News Roundup: Smart vs. Swiss, women & code, and $4 smartphones

A roundup of the week’s tech news including Jigsaw, Clive Sinclair and CITOs.

Smart overtakes Swiss

It’s a sad day for style. New figures suggest that the number of smartwatches sold has overtaken sales of Swiss timepieces for the first time. According to Strategy Analytics, the fourth quarter of 2015 saw 8.1 million smartwatches shipped versus 7.9 million Swiss watches. For the technology companies, that figure represents a surge of over 300% on Q4 of 2014, while the Swiss industry has seen a drop of almost 5%.

Women & code

Do women write better code than men? Possibly, according to a new study. The yet-to-be-peer-reviewed paper analysed pull requests from code repository GitHub and found that code submitted from “outsiders” – people not owners or collaborators of projects – are more likely to have their work accepted than men, but only if their gender is hidden.


IBM has continued its Watson expansion by acquiring Truven Health Analytics, Google has bought Singaporean messaging startup Pie, SAP has snapped up Cloud analytics startup Roambi, Amazon now owns payment firm Emvantage, YouTube has snaffled Bandpage, and Palantir has got its hands on Kimonolabs.  

Dell has denied rumours that its acquisition of EMC is on the ropes. “I can assure you any suggestions our debt financing is in jeopardy are off-target and do not reflect our financing terms and the progress of our financing to date,” said Rory Read, Chief Integration Officer of Dell in an open letter. He added the process acquisition currently is “underway and remains on track, as planned” and we can expect a close sometime between May and October.

Are Toshiba, Fujitsu, and VAIO planning to merge their PC units? Bloomberg says yes, Toshiba says it has no plans to exit the PC business.

Google has announced that it is shuttering photo service Picasa.


-          The New York Times suggests the amount of data the NSA slurps up has been overestimated.

-          The NSA says the Paris attacks wouldn’t have happened if it wasn’t for encryption.

$4 smartphones

Smartphones are now essentially worthless. How else can you explain the world’s cheapest smartphone going on sale in India for just $4? The Freedom 251 from Ringing Bells went on sale at 6am on Wednesday. Obviously the company’s site crashed within minutes.

The phone is rumoured to be heavily subsidised by the Indian Government, possibly in support for Prime Minister Narendra Modi “Made in India” initiative. An analyst at Counterpoint Research criticised the move and said this merely creates fake demand and is an unsustainable business model.

Previously Walmart had released a $10 smartphone, as had Canadian firm DataWind. They must be livid they’ve been undercut by more than 50%.

AlphaGoogle’s Jigsaw

The Alphabet/Google restructuring continues. This week saw Google Ideas morph into the tech incubator Jigsaw, and will be another one of Alphabet’s separate units. “The team’s mission is to use technology to tackle the toughest geopolitical challenges, from countering violent extremism to thwarting online censorship to mitigating the threats associated with digital attacks,” said Executive Chairman Eric Schmidt in a Medium post.

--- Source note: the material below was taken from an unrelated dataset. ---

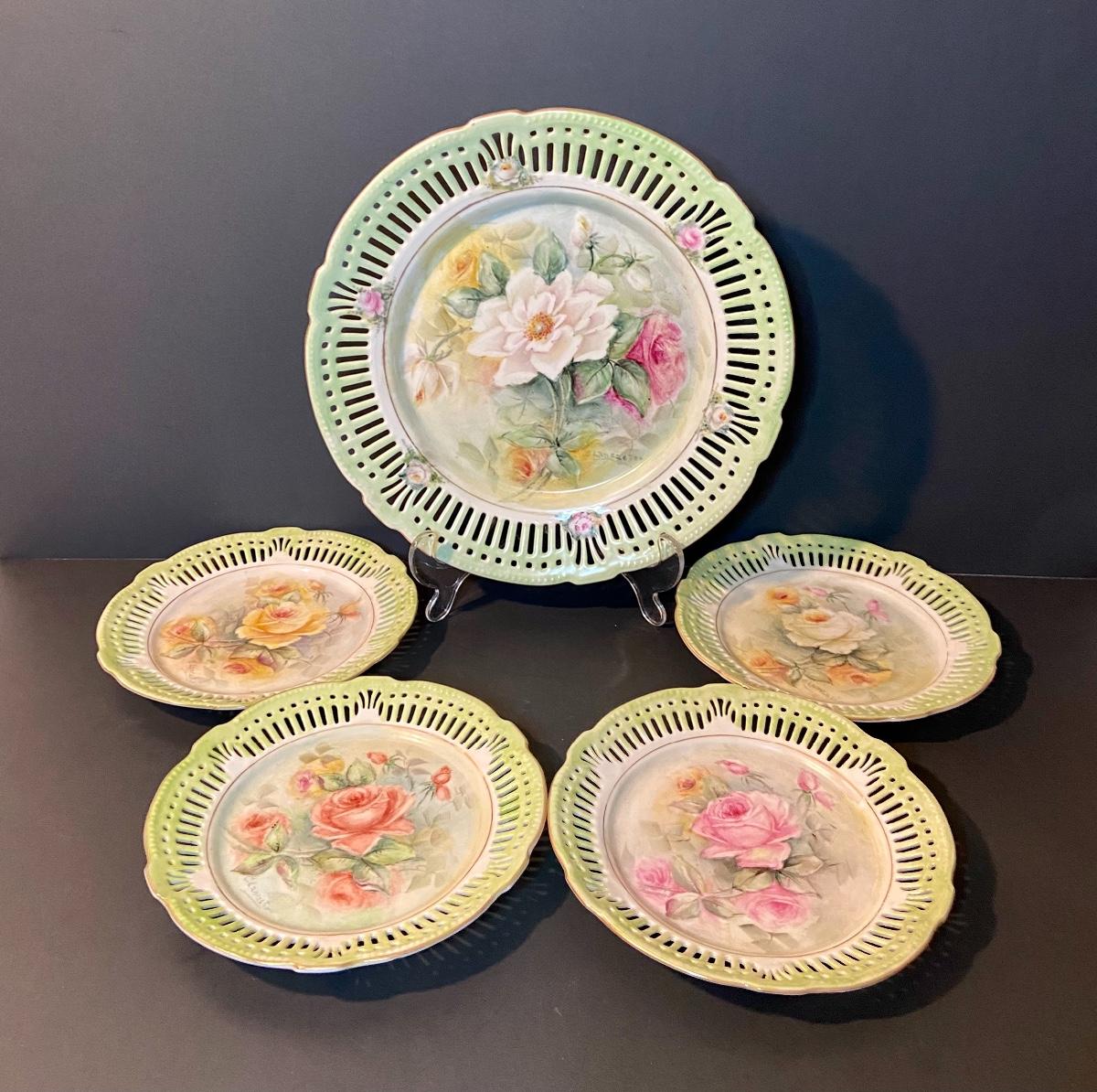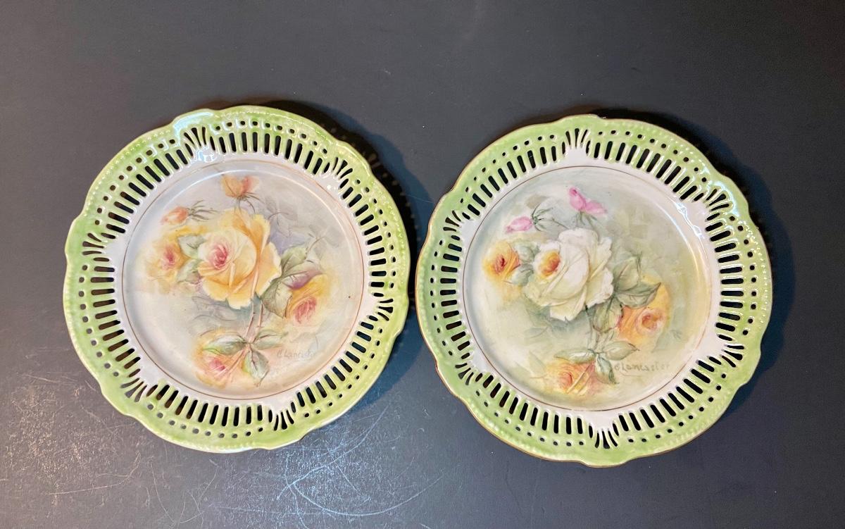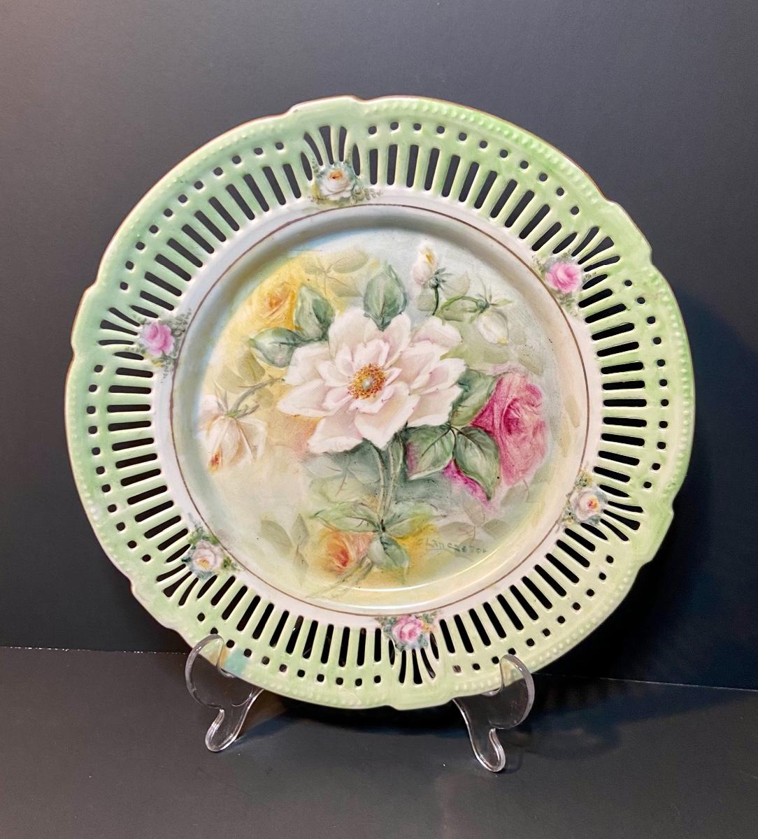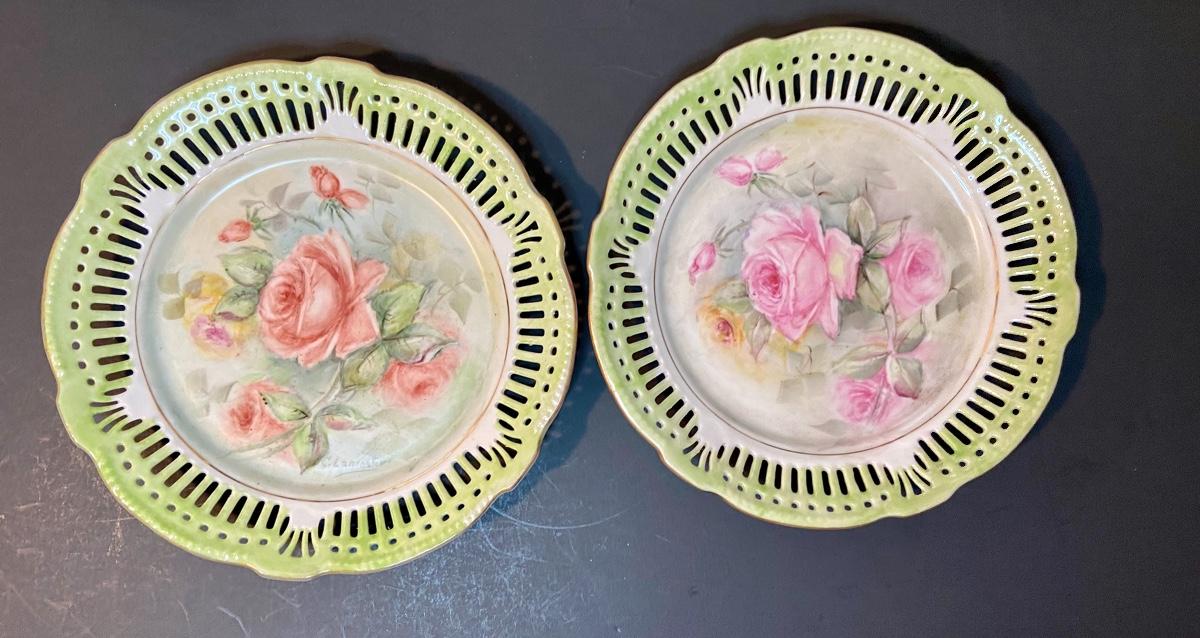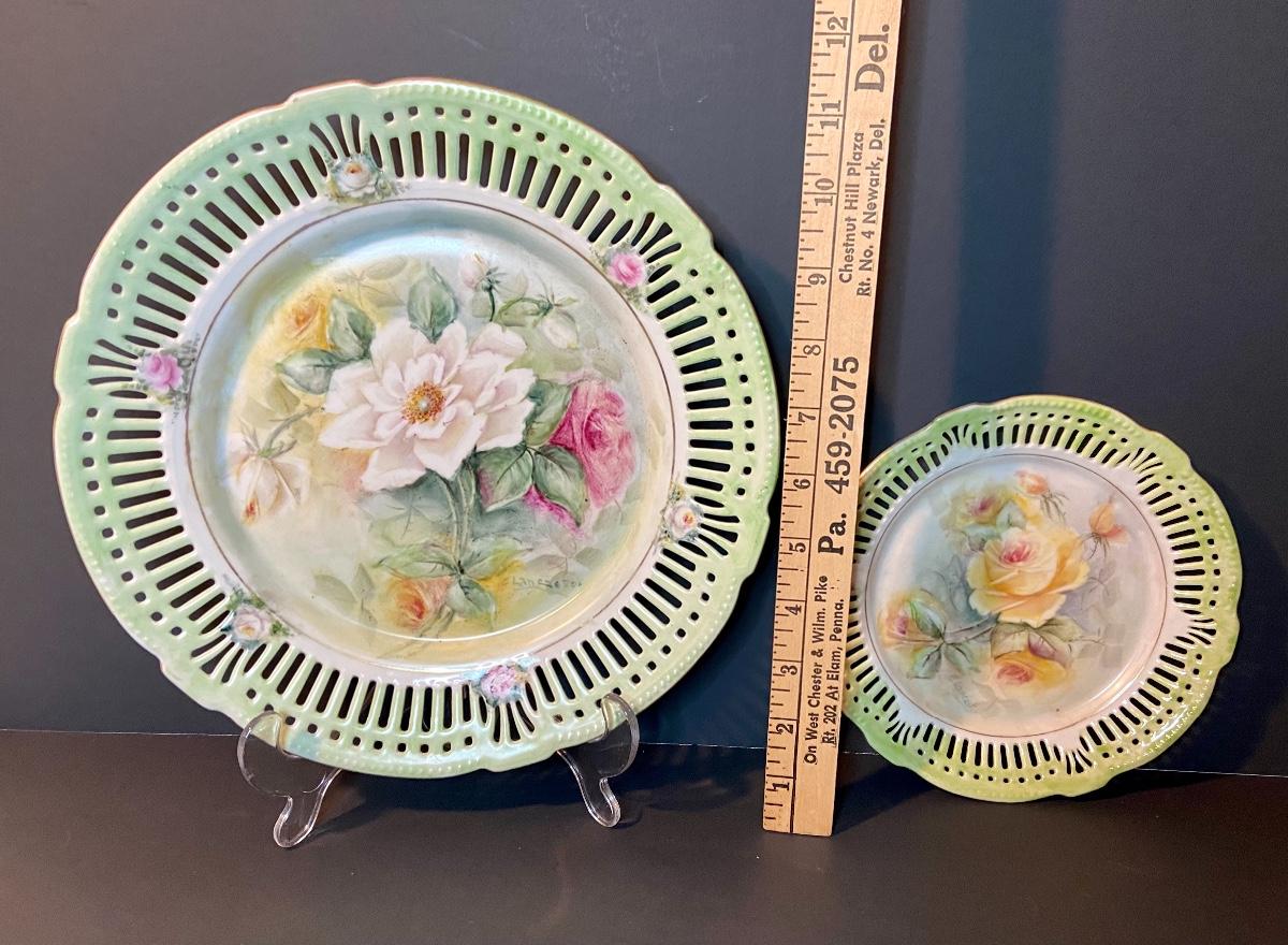 Floral decorative plates by Schrwarzenahmmer Germany. Please see all pictures as they are the best representation of the items. The pictures show condition, measurements if taken, and what is included in the lot. Due to the large amount that we photograph and the time frame, we are not always able to take measurements. All items unless noted, are pre-owned and have been used. If you purchased furniture, you must bring help. We do not allow one person to carry large furniture out on their own. Bring help, tools and a truck for the safety of our client’s homes, and your personal safety. Company policy. Thank you.

Yahoo! is also having a bit of a reshuffle. Marissa Mayer’s company will be closing Yahoo! Labs and will replace it with Yahoo! Research, which from what we can tell will do much the same.


It’s official, there’s a hot new C-Level position on the block: The Chief Internet of Things Officer. A new survey from Webroot and IO suggests that over half of UK public companies plan to employ a Chief IoT Officer (CIoTO) in the next 12 months.


Another week, a new slew of soundbites from “cybersecurity legend” and Libertarian Presidential Candidate John McAfee. This week he jumped into the row over whether Apple should allow the FBI backdoor access to its phones, saying that he will decrypt the information they want, free of charge, and save Apple from installing anything nasty. He also reaffirmed his support for simpler tax systems and the need to combat China’s growing cyberarmy.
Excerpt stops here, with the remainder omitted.